Winter radishes vary in size, color and flavor, but they tend to be bigger and even more colorful—at least in personality—than the better-known spring varieties. They add zest to a winter escarole salad and crunch to sushi; they take well to pickling and light sautéing; and they’re so appealing, even small children will eat them.

Farmer Cory Mosser demonstrated this to me last Saturday at Peachtree Road Farmers Market, when he handed his 3-year-old daughter Audrey, curled up in a plastic vegetable bin behind the table, a thin slice of sweet, pink watermelon radish. Clutching half a giant cookie in her left hand, she reached for the radish with her right and  popped it into her mouth. Then she went back to the cookie.

“That’s a way I can get people who might not try a radish,” says Mosser, who farms at Burge Organic Farm in Mansfield. “They think, ‘Well, a 3-year-old can do it … ‘”

Winter radishes get their name for the same reason that winter squashes get theirs: Although planted in the summer and harvested throughout the fall, they store well all winter long.
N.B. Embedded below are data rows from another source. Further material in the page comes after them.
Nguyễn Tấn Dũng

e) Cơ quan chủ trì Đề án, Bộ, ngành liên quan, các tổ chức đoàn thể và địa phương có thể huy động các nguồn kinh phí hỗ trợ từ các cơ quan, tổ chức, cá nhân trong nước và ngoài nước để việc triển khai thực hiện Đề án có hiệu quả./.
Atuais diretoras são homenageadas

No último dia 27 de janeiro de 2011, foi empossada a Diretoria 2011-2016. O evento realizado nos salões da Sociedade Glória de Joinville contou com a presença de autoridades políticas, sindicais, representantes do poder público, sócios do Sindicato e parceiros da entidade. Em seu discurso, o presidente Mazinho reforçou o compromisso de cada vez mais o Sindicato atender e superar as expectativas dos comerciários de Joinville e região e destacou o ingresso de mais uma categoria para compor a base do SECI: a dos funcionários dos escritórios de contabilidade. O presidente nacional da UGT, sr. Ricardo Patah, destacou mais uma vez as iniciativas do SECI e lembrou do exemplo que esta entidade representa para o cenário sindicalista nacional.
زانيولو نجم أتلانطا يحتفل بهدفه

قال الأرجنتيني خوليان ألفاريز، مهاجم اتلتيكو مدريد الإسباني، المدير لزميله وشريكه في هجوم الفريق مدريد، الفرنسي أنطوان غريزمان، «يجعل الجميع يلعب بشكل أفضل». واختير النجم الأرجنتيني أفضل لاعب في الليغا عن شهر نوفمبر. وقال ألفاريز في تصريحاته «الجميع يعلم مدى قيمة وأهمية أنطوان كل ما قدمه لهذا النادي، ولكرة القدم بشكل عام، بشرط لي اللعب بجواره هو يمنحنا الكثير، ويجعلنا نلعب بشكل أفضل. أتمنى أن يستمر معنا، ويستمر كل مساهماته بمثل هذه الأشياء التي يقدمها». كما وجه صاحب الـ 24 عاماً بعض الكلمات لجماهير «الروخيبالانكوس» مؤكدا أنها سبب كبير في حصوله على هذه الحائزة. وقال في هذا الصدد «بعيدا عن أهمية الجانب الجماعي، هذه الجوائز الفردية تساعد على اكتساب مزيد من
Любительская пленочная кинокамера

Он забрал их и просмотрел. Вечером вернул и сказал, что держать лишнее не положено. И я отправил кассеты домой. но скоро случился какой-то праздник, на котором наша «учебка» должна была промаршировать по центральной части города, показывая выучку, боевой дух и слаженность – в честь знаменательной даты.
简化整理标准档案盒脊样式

One of the more common winter radishes is daikon, a long, white radish familiar to anyone who’s ever read a sushi menu. The most glamorous are the watermelon and beauty heart radishes (Mosser grows a variety called mantanghong), which, when sliced crosswise, exposes a bright pink center which diffuses to white toward the edge with green shoulders. Other varieties include black Spanish (a rough, black exterior with hot-white flesh), green luobo (oblong with green flesh), China rose (red on the outside, white on the inside), and hilds blauer (carrot-shaped and purple on the outside, white on the inside).

“I’m kind of weird—I kind of obsessively look for crazy winter radishes,” Mosser admits. “Maybe it’s partly the hunt. I’m looking for things that aren’t readily available and that not a lot of people know about,” he says. “It’s fun to try to grow new things, too.”
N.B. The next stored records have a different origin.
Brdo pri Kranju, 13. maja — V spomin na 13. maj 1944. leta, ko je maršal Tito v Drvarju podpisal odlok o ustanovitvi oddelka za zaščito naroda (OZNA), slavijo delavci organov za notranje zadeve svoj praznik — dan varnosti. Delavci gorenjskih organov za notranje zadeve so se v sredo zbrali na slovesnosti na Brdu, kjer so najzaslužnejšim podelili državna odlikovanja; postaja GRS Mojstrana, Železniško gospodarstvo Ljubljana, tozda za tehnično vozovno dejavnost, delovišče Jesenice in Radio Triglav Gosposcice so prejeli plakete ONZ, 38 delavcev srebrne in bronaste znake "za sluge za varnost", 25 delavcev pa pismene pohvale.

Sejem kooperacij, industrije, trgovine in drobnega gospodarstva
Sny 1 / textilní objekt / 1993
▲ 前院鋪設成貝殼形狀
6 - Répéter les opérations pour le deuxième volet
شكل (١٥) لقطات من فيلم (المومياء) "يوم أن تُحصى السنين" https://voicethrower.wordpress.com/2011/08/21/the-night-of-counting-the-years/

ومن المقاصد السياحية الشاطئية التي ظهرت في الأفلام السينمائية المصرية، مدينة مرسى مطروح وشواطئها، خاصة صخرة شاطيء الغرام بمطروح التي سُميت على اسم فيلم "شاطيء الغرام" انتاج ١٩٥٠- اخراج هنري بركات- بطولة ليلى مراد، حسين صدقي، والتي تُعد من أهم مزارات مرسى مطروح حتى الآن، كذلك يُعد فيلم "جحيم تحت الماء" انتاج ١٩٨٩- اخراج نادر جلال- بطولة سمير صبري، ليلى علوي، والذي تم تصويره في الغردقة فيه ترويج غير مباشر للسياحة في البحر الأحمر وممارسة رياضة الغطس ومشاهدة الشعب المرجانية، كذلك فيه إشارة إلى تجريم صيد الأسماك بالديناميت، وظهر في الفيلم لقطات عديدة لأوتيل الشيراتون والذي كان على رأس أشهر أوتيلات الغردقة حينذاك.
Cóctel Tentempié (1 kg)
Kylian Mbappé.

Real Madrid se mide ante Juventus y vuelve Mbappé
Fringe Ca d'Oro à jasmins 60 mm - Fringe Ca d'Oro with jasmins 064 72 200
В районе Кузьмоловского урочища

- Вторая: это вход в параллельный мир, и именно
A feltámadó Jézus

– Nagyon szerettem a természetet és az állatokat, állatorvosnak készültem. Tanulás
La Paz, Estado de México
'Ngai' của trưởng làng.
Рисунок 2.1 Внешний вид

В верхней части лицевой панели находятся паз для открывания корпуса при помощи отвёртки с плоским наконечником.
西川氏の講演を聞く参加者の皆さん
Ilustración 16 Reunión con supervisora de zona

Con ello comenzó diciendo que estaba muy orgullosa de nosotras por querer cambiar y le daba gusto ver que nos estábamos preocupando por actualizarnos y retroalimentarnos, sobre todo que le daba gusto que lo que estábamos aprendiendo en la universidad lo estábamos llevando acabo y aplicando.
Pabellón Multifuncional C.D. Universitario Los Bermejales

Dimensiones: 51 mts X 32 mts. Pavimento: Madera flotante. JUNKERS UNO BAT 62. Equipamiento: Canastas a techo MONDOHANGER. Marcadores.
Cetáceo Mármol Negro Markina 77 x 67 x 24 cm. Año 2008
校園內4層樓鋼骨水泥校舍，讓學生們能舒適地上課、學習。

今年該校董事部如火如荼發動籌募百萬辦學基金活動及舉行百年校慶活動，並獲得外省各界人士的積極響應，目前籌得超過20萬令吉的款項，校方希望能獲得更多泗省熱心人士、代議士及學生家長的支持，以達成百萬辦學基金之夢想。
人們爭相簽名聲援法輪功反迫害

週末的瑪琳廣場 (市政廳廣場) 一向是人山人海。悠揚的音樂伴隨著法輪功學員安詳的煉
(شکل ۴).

In a good week at the market, he can sell 30 pounds of winter radishes. He says he could probably sell more if he marketed them exclusively to restaurants—but that wouldn’t be as much fun. “I kind of like being able to expose people to something that’s new, and then they come back and bring their friends the next time.”
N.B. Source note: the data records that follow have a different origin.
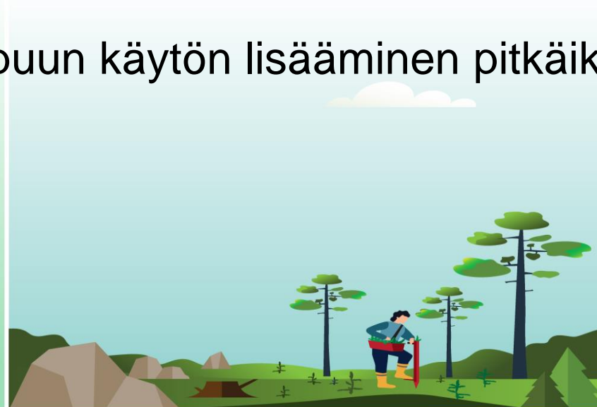
METSÄMAA JA PUUSTO
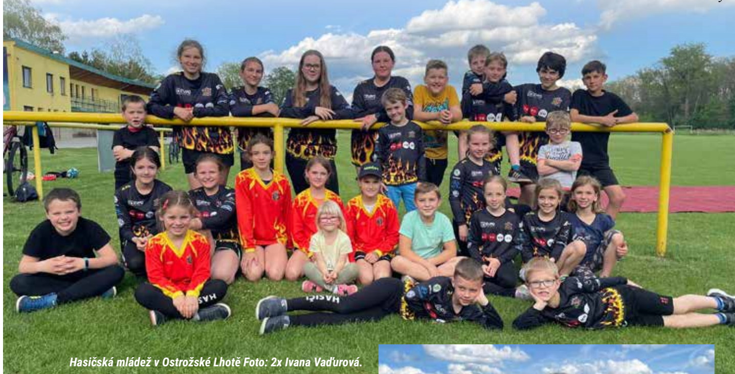
Hasičská mládež v Ostrožské Lhotě
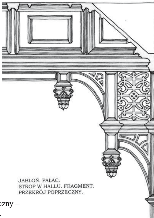
JABŁOŃ. PAŁAC. STROP W HALLU. FRAGMENT. PRZEKRÓJ POPRZECZNY.
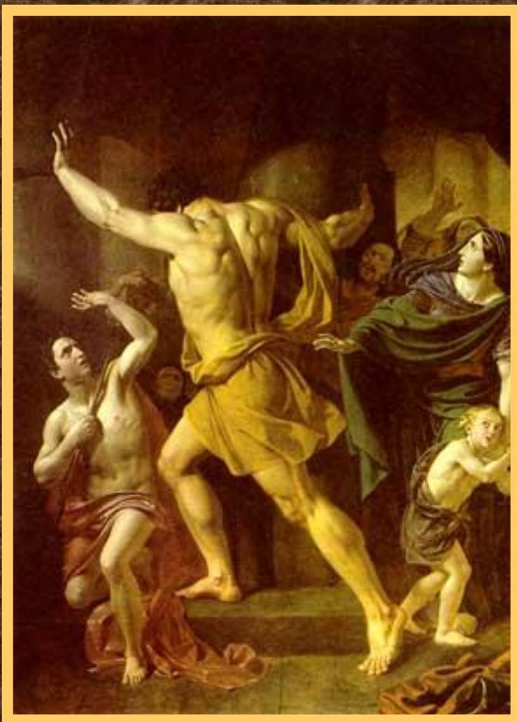
Самсон разрушает храм филистимлян.

Один из евреев Самсон обладал огромной силой. Он полюбил красавицу Далилу и та узнала, что его сила кроется в волосах. Спящего Самсона остригли и связали. Он был ослеплен и брошен в темницу. Филистимляне устроили пир и стали издеваться над Самсоном. Но его волосы уже отрасли. Самсон схватился за колонны и обрушил здание.
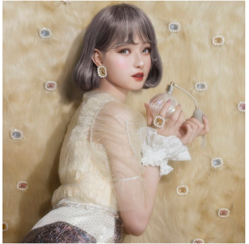
ディフォルメイヤリング/ピアス 3200円（税抜） ディフォルメリング 2300円（税抜） つけると自分が人形になったようなバランス感が楽しい大振りアクセサリ
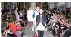
L'anglomania di Dior
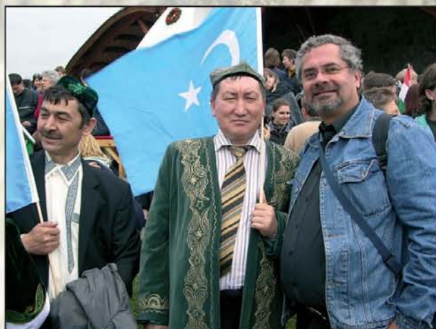
Óriási taps fogadta az ujjurokat, a Kínában élő távoli rokonainkat
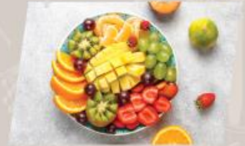
Seasonal Fruit ผลไม้ตามฤดูกาล
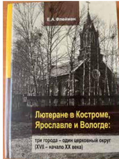
Книга объемом 242 страницы вышла тиражом 150 экземпляров. На обложке – кирха в Костроме. (Не сохранилась).

Лютеране оставили заметный след в развитии региона, активно
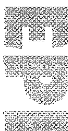
TABLA GENERAL DE TIRADA Y DIFUSIÓN

Mosser will be selling his crazy radishes this Saturday at the last Peachtree Road Farmers (and Holiday Artists) Market of the season. He’s also offering an occasional winter CSA that will certainly include winter radishes, along with eight or nine other cool-season produce items. You can sign up  to be notified by e-mail when the next box is ready; you decide on a box-by-box basis whether to buy. You’re also likely to find winter radishes at the year-round Morningside and Decatur farmers markets.

> For a simple salad, toss thin slices of winter radish with rice vinegar and sesame oil, then sprinkle with salt and toasted sesame seeds.